Маша чудесно играла на фортепьяно, читала Гете и Шиллера в оригинале, любила Лермонтова, обладала легкой походкой и безупречным вкусом (спустя 30 лет Леонтьев еще помнил ее «кашемировое платье, клетчатое, малиновое и vert-pomme[142 - Цвета зеленого яблока (франц.)] и черный, длинный бархатный cache-peigne[143 - Прическа из длинных волос (франц.)]») – всего этого было достаточно, чтобы вскружить Леонтьеву голову. Видимо, и Маше молодой врач немного нравился, – в противном случае, Леонтьев вряд ли бы стал к ней свататься. Сватовство, состоявшееся весной 1857 года, закончилось неудачей. Маша была светской барышней, и Леонтьев в одолженной у Шатилова порыжевшей дубленке не казался ей подходящим на роль избранника. Но Леонтьев не слишком переживал из-за полученного отказа: этот роман был легким, придающим полноту жизни – не более того. Не будь у Маши 25 тысяч приданого и нескольких поместий, Леонтьев вряд ли сделал бы девушке предложение…

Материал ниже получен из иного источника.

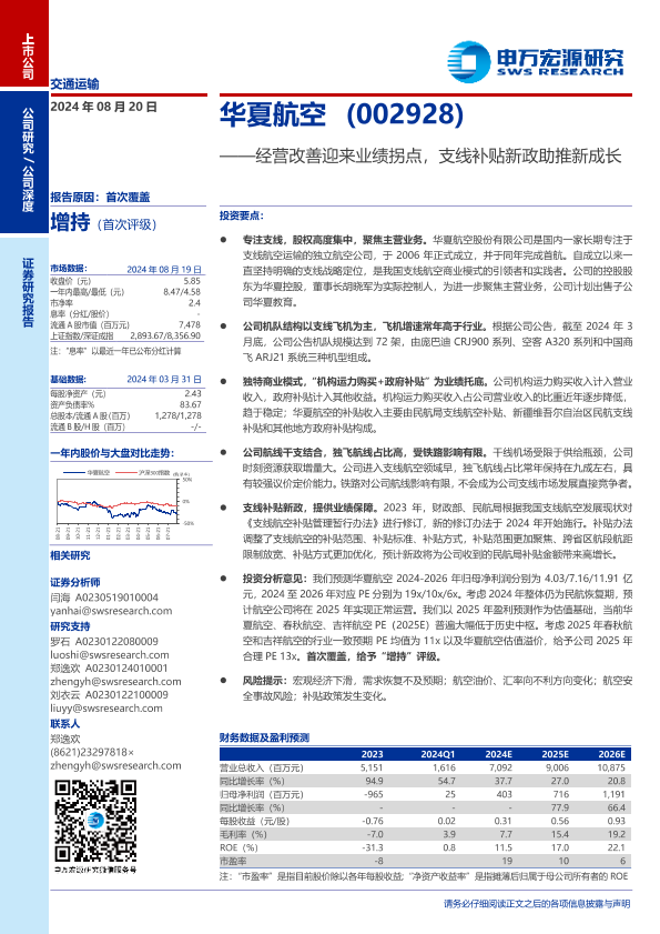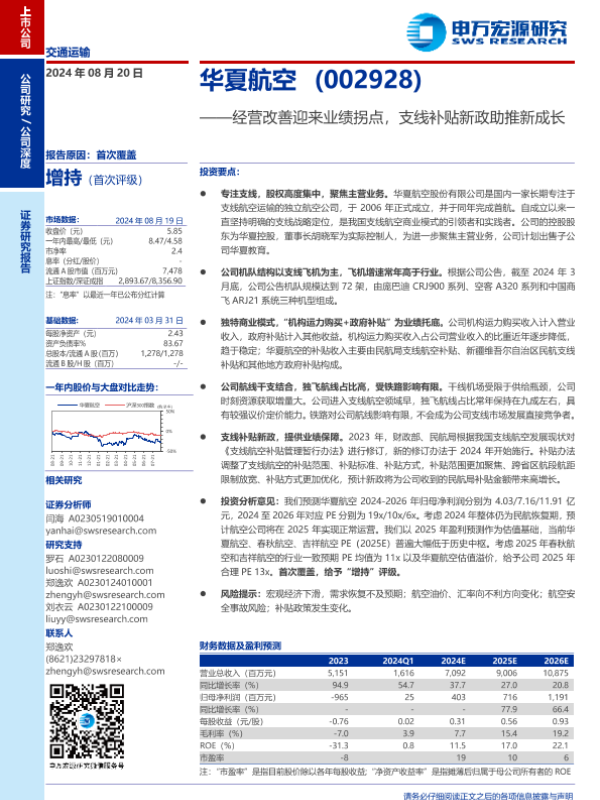 【申万宏源】【20240820】华夏航空(002928)经营改善迎来业绩拐点,支线补贴新政助推新成长-35页

О том, что влюбленность не была серьезной, свидетельствует то, что Леонтьев не забывал тогда и Лизы – время от времени он навещал ее в Феодосии. «В 70-ти верстах от Шатиловых на берегу бушующего моря, в тени огромных генуэзских башен, – вспоминал Леонтьев, – молодая, страстная, простодушная любовница, к которой несколько раз в зиму возил меня сам Шатилов, говоря: «allons a Cythere» или «Rien qu’un petit tour a Paphos»[144 - «Поедем на остров Цитеру»; «небольшая поездка в Пафос» (франц.)], и когда вдали на краю степи показывались в одном месте темносиние высоты тех гор, за которыми жила моя безграмотная, наивная и пламенная наложница, – он декламировал: «C’est la que Rose respire… C’est le pays des amours… C’est le pays des amours…[145 - «Здесь благоухает Роза… Это страна любви… Это страна любви…» (франц.)]»[146 - Леонтьев К. Н. Моя литературная судьба. (1874-1875). P. 72.]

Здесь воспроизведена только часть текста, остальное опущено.